Marco13 hat gesagt.:
			
		

> @happy_robot (aber auch byto und Beni) : WAS genau ein "repaint" bewirkt, braucht man (wenn es um eine Antwort auf 'Anfängerfragen' geht) nicht in dieser Tiefe durchzudiskutieren.


Und warum nicht? Ist doch ein interessantes Thema und es lesen auch noch andere hier.


----------



## Marco13 (9. Dez 2007)

Ja klar    es ging ja auch nicht um die Sache an sich (dass das Thema interessant ist, und man mal adrüber reden kann, ist klar - ich drifte ja auch häufig bei vermeintlich "einfachen Anfängerfragen" in fast schon philosophisch wirkende Grundsatzdiskussionen ab - und solange das nicht die (hilfreiche) Beantwortung der ursprünglichen Sprache untergräbt, ist da auch nichts dagegen zu sagen - im Gegenteil)
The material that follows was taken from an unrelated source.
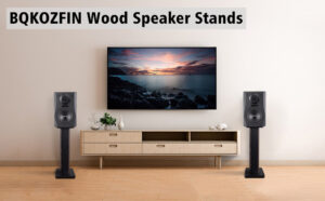 BQKOZFIN 23.62 Inch (60CM) Wood Speaker Stands, Stands for Home-Cinema HiFi Bookshelf Box and Satellite Speakers Wood Grain Enhanced Audio Listening Experience for Home Theaters, 1 Pai
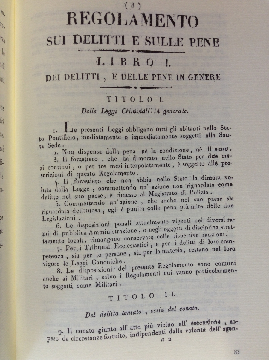 Le risposte legislative a questo stato di cose, arrivate solo dopo diversi progetti di codificazione falliti, si ebbero a seguito dei moti del ’31: il Regolamento sui delitti e sulle pene e il Regolamento organico e di procedura criminale, entrati in vigore nel 1832. Papa Gregorio XVI intensificò anche le disposizioni sulla polizia, ma per un vero regolamento in questo settore si dovrà aspettare il 1850, a seguito dei moti del ’48. Nonostante fossero di discreta fattura, i Regolamenti penali del ’32 si ispiravano a un sistema repressivo inasprito, che affrontava in maniera esemplare i turbamenti più temuti alla pace sociale. La “morte esemplare” colpiva chi compisse alcuni crimini contro la religione, i delitti di lesa maestà, l’omicidio commesso per causa di furto. Quest’ultimo fenomeno, ad esempio, aveva assunto proporzioni preoccupanti anche nel Ferrarese, infestato da bande di malfattori attivi nelle campagne: tra il ’50 e il ’51 una banda guidata da Stefano Pelloni (detto “il Passatore”) seminò il terrore, giungendo a invadere il paese di Consandolo e a uccidere un medico; qualcosa di analogo accadde anche nel 1858. Sempre a partire dal pontificato di Gregorio XVI si intensificarono le misure contro accattoni, oziosi e vagabondi; vennero controllati anche i forestieri e gli spostamenti degli stessi cittadini, sulla base di una politica criminale basata sul puro sospetto. Il Regolamento di procedura sanciva formalmente la separazione fra i poteri, togliendo al delegato pontificio la presidenza del tribunale criminale; ma, d’altro canto, prevedeva un processo di tipo inquisitorio poco garantista, con possibilità di appello per le sole sentenze di condanna a morte.

Vielmehr ... "unpassend" fand ich ... ähm - ja, solche argumentfreien Aussagen wie
_>Ein repaint bewirkt ein repaint._
_>>da kann ich aus der praxis sagen daß dies definitiv nicht der fall ist_ <-  ???:L  
(Was bewirkt ein "repaint" denn dann? Dass MineSweeper gestartet und die Festplatte defragmentiert wird?)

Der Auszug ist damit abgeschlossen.